Agência o Globo
A polícia de Alagoas suspeita que o deputado federal Augusto Farias (PPB-AL) sabe mais sobre a morte do irmão Paulo César Farias e da namorada Suzana Marcolino da Silva do que já contou em depoimentos. Ontem, os delegados Antônio Carlos de Azevedo Lessa e Alcides Andrade decidiram interrogar novamente o deputado.
‘‘A gente quer saber mais detalhes sobre o seu último encontro com o irmão. O depoimento é importante porque Augusto foi a última pessoa a falar com PC’’, disse o delegado Antônio Lessa.
O interrogatório está previsto para ocorrer até terça-feira. Porém, os delegados sustentam que não existe coisa alguma nos autos indicando a participação do deputado nos crimes. PC e Suzana foram encontrados mortos por seus seguranças cada um com um tiro no peito por volta das 10 horas no dia 23 de junho de 1996. No início da noite anterior, o casal recebera Augusto e a namorada Milena para um jantar. Por volta da meia-noite, o deputado teria deixado a casa.
No seu primeiro depoimento à polícia, ele disse que os dois estavam bem.
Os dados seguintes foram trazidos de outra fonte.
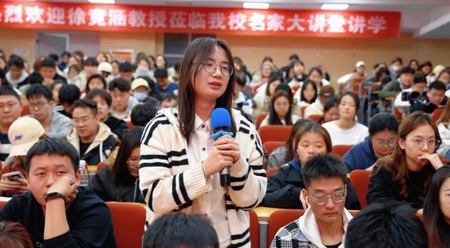 讲座渐近尾声,现场的气氛却依旧热烈非凡,在互动提问环节,思辨热潮持续涌动,青年学子竞相抛出深度追问。他特别建议毕业生采用复合视角,突破学科阈限的选题策略,聚焦数字人文前沿的界面革命。现场师生满怀热忱地涌上台前,纷纷与徐竟涵教授合影留念,大家都希望用镜头定格这一收获满满的美好时刻,为这场知识盛宴留下珍贵的回忆。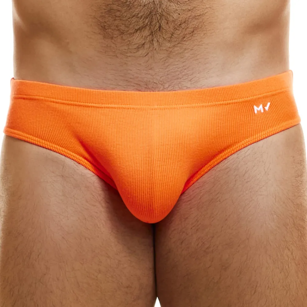 Slip taille basse en microfibre côtelée, douce et confortable, de couleur intense. Tissu éco-responsable certifié GOTS. Coupe classique. Logo MV sur la hanche gauche. Ceinture élastique fine et recouverte.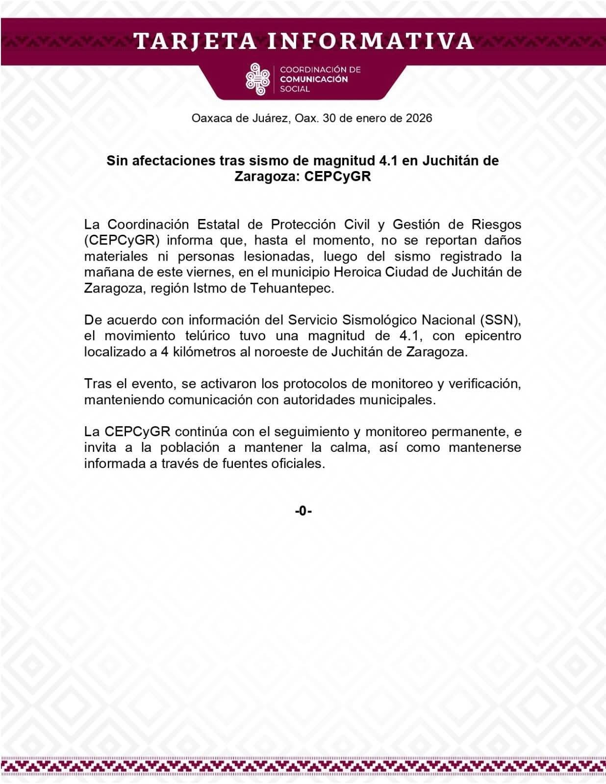 La Coordinación Estatal de Protección Civil y Gestión de Riesgos (CEPCyGR) informa que, hasta el momento, no se reportan daños materiales ni personas lesionadas, luego del sismo registrado la mañana de este viernes, en el municipio Heroica Ciudad de Juchitán de Zaragoza, región Istmo de Tehuantepec.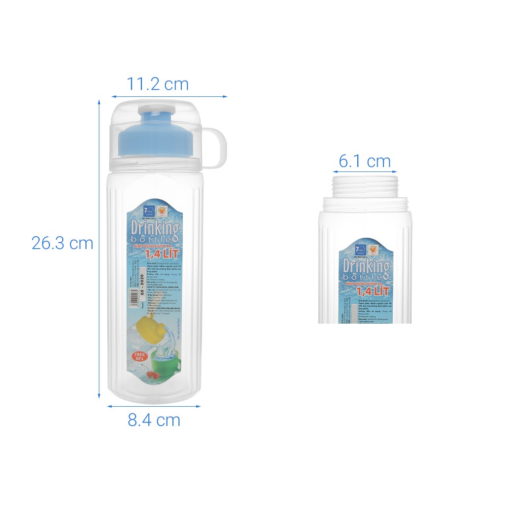 Cảm ơn bạn đã quan tâm đến sản phẩmBình đựng nước nhựa 1.4 lít làm từ nhựa nguyên sinh PP an toàn, bền đẹp, ít bám bẩn, dễ vệ sinh.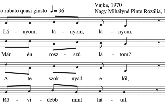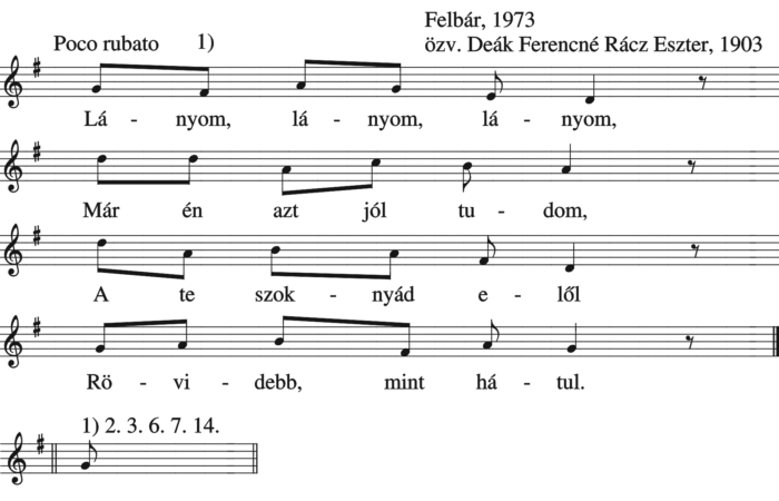 Lányom, lányom, lányom, Már én rosszú látom? A te szoknyád elől, Rövidebb mint hátul. Szabó is jól szabta, Varró is...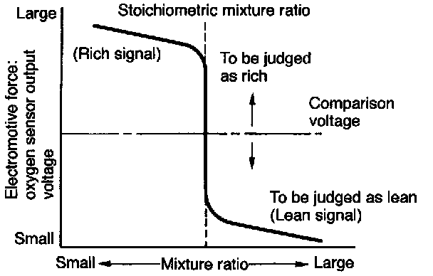 - The difference in oxygen concentration changes greatly in the vicinity of the optimum air-fuel ratio, and hence the change in the electromotive force is also large. By inputting this information into the ECM, the air-fuel ratio of the supplied mixture can be determined easily. The oxygen sensor does not generate much electromotive force when the temperature is low. The characteristics of the electromotive force stabilize at temperature of approximately 300 to 400°C (572 to 752°F).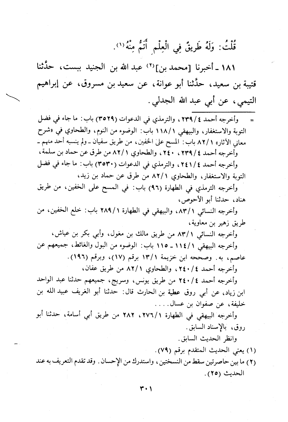 181 - أخبرنا [محمد بن] (¬2) عبد الله بن الجنيد ببست، حدَّثنا قتيبة بن سعيد، حدَّثنا أبو عوانة، عن سعيد بن مسروق، عن إبراهيم التيمي، عن أبي عبد الله الجدلي.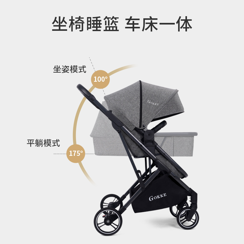 GOKKE German Two-way Baby Stroller High Landscape Stroller Portable Fold can sit and sleep basket baby stroller

Com relação à prisão dos quatros PMs, que trabalharam como segurança de PC em sua casa de praia na noite do crime, os cabos Reinaldo Correia de Lima Filho e Adeildo Costa dos Santos e os soldados Josemar Faustino dos Santos e José Geraldo da Silva, os delegados confirmaram que eles estão presos em quartéis da PM em Maceió.
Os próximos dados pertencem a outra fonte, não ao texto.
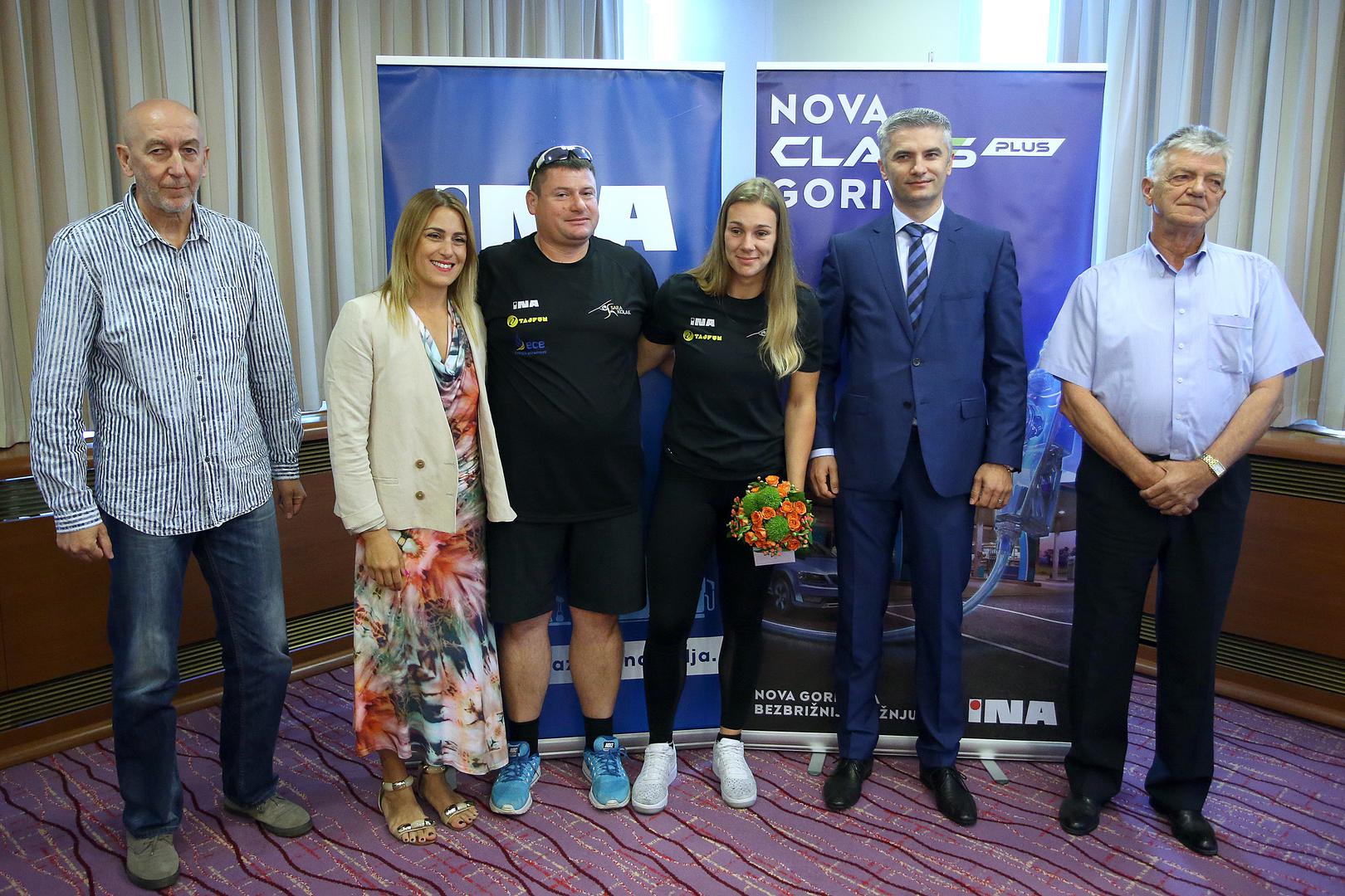 17.07.2017., Zagreb - Sara Kolak i INA potpisali su sponzorski ugovor i odrzali konferenciju za medije u Hotelu Panorama. Mladen Katalinic, Andrej Hajnsek, Sara Kolak, Darko Markotic, Luciano Susanj. "nPhoto: Goran Stanzl/PIXSELL

Durante 30 dias, eles ficarão presos por determinação do juiz da 3ª Vara Criminal do Fórum de Maceió, Alberto Jorge Correia de Lima. ‘‘Este constrangimento poderia ter sido evitado se as primeiras investigações tivessem sido feitas corretamente’’, disse o delegado Lessa, considerando que as falhas graves foram: falta de exame residográfico para identificar a existência de pólvora nas mão de Suzana que sustentaria a tese de que ela matou seu namorado; definição da tese de crime passional antes mesmo de iniciar as investigações e não ouvir os familiares de Suzana Marcolino e os amigos dos casal. ‘‘Isso sem falar nas falhas dos exames de medicina legal feitos pelo professor da Unicamp Badan Palhares’’, criticou Lessa, referindo-se ao suposto erro na altura de Suzana que derrubou a tese de crime passional.
‘‘Não existe nada comprovando que Suzana matou PC’’, disse o delegado Alcides Andrade. O advogado José Fragoso Carvalho, contratado por Augusto Farias para defender os PMs, informou que está entrando com pedido de habeas corpus para libertar os seguranças.